3. Erschwernisse, die sich dadurch ergeben, dass eine Wasch- und ggf. Spülmaschine nicht benutzt werden kann, sind bei der selbst herbeigeführten Notsituation hinzunehmen.


2. Landessozialgericht Berlin-Brandenburg, Beschluss vom 18.01.2010, - L 29 AS 2052/09 B ER -

Eine Schuldenübernahme nach § 22 Abs. 5 S. 2 SGB II a. F.  ist dann nicht gerechtfertigt, wenn durch die Schuldenübernahme der Verlust der Wohnung nicht abgewendet werden kann, ein Rechtssatz, dass bei Vorhandensein minderjähriger Kinder Schulden nach § 22 Abs. 5 S. 1 SGB II immer zu übernehmen sind, existiert nicht.

Der Meinung des LSG Nordrhein-Westfalen, Beschluss vom 12. Dezember 2008, Az.: L 7 B 384/08 AS ; SG Karlsruhe, Beschluss vom 3. März 2008, Az.: S 14 AS 879/08 ER; LSG Berlin-Brandenburg, Beschluss vom 11. Dezember 2007, Az.: L 28 B 2169/07 AS ER

 folgend und zum Widerspruch zu der Entscheidung des 29. Senat des LSG BRB v. 18.01.2010, - L 29 AS 2052/09 B ER -

§ 22 Abs. 5 S. 1 SGB II a. F. eröffnet dem Leistungsträger nach dem SGB II eine Ermessensentscheidung, indem sie ihn berechtigt, auch Schulden übernehmen zu können, denn bei einer Ermessensentscheidung sind grundsätzlich sämtliche Umstände des Einzelfalles und damit auch minderjährige Kinder zu berücksichtigen.

Eine drohende Wohnungslosigkeit fällt umso schwerer ins Gewicht, als davon auch besonders schutzbedürftige minderjährige Kinder betroffen sind (LSG Berlin, L 26 B 2307/07 AS ER, Beschluss vom vom 14.01.2008).

Die Leser können gerne diesen Beitrag kommentieren und ihre Erfahrungen dazu abgeben.

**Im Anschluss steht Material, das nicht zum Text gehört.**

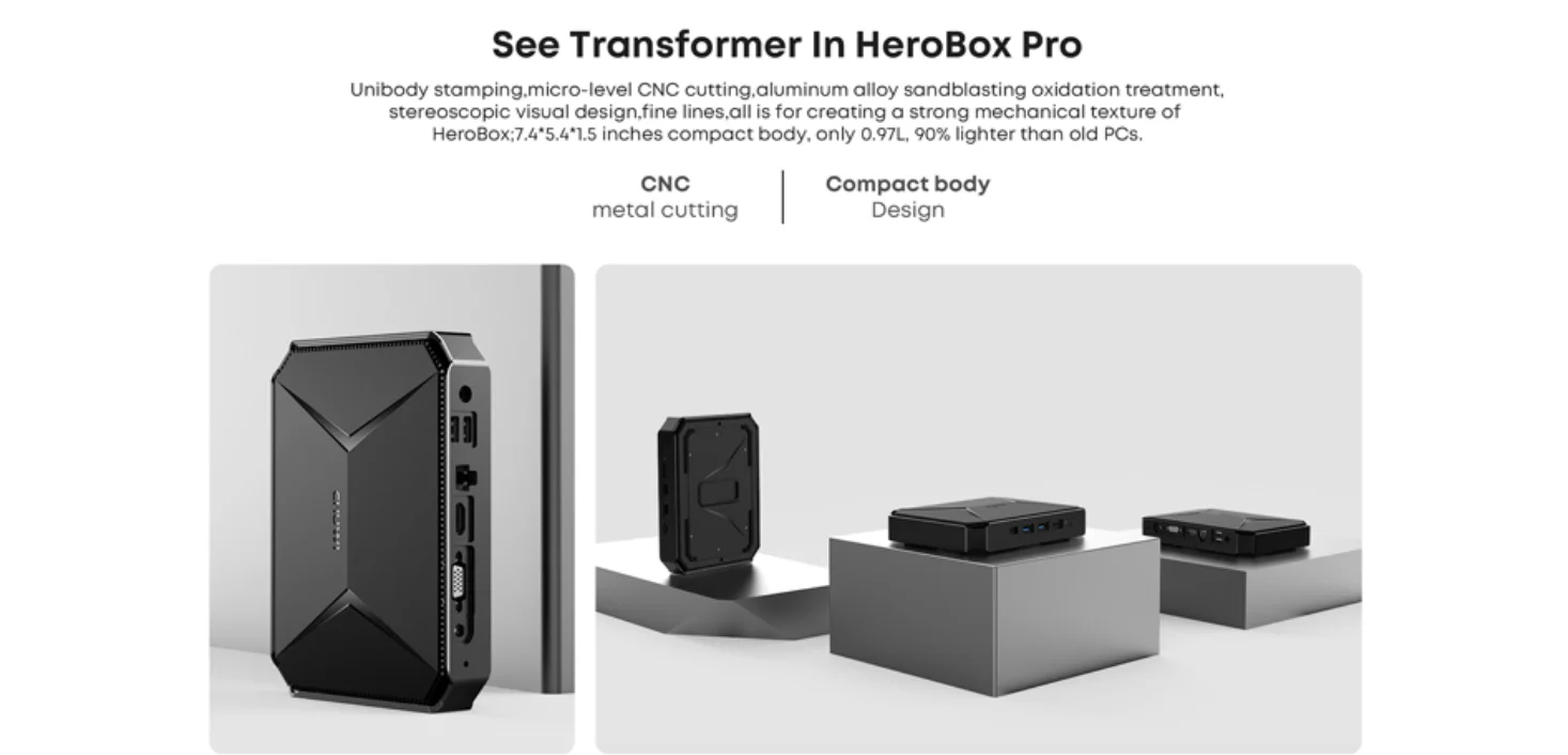 Estampado unibody. Corte CNC de nivel micro. Tratamiento de oxidación con chorro de arena de aleación de aluminio, diseño visual estereoscópico, líneas finas, todo para crear una fuerte textura mecánica de HeroBox: cuerpo compacto de 7,4 "5. 41,5 pulgadas, solo 0.97L, 90% más ligero que las PC antiguas.

Der Beitrag wurde erstellt von Willi 2, Mitarbeiter des Sozialrechtsexperten RA Ludwig Zimmermann sowie Autor des wöchentlichen Rechtsprechungstickers von Tacheles .

Kommentare

  1. Offensichtlich geht das Landessozialgericht Mecklenburg-Vorpommern von einer Legitimierung der "Sippenhaft" aus, wenn die Kinder zur Haftung gezwungen werden.

    "Sozialwidriges Verhalten" könnte man aber auch den Richtern unterstellen, wenn sie die Entscheidung des Verfassungsgerichts unterlaufen und die Gutachten zu den Energiekosten unberücksichtigt lassen.

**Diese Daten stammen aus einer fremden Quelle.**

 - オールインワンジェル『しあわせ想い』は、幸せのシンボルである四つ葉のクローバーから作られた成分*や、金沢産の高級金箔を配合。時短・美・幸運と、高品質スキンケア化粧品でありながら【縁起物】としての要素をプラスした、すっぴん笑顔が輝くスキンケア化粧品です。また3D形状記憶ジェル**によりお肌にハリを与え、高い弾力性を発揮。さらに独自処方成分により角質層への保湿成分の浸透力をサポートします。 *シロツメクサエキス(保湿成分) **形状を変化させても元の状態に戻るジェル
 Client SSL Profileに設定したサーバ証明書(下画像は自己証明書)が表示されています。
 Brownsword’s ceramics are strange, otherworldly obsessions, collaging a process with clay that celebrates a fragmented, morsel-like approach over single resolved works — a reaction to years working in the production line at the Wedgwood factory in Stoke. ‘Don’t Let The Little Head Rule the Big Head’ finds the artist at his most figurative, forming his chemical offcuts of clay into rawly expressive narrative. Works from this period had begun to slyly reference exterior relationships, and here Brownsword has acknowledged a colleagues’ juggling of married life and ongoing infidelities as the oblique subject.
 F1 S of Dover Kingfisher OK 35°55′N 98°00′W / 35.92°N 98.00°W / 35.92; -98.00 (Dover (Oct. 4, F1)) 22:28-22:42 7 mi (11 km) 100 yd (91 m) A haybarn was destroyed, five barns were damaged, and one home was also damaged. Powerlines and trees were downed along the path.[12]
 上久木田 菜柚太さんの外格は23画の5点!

    "Die Nichtversorgung mit Energie stellt eine der Obdachlosigkeit vergleichbare Notlage dar."
    (Sozialgericht Köln, 15.11.2005)

    Dazu aus einer eine Entscheidung des LSG NRW:

    (1. Instanz: SG Dortmund - S 10 AS 250/09 ER)
    LSG NRW - L 19 B 345/09 AS ER


    " Aus der Sicht als Berichterstatter überwöge im Rahmen des einstweiligen Rechtsschutzes das Interesse des Antragstellers an einer bewohnbaren und mit Energie versorgten Wohnung die Gefahr eines Zinsnachteiles der öffentlichen Hand bei zu Unrecht erfolgter Darlehensvergabe."

    mehr dazu:
    http://www.beispielklagen.de/klage006.html

    AntwortenLöschen
  2. Seit wann ist ein HB verpflichtet eine Gasheizung mit begrenzter Nutzungsdauer im Leistunegbezug aufzubrauchen?

    Seit wann ist ein HB verpflichtet mit Gas zu heizen?

    Wurden also angemessene KDU ermittelt und bezahlt, zu denen auch ausreichende Heizkosten zählen?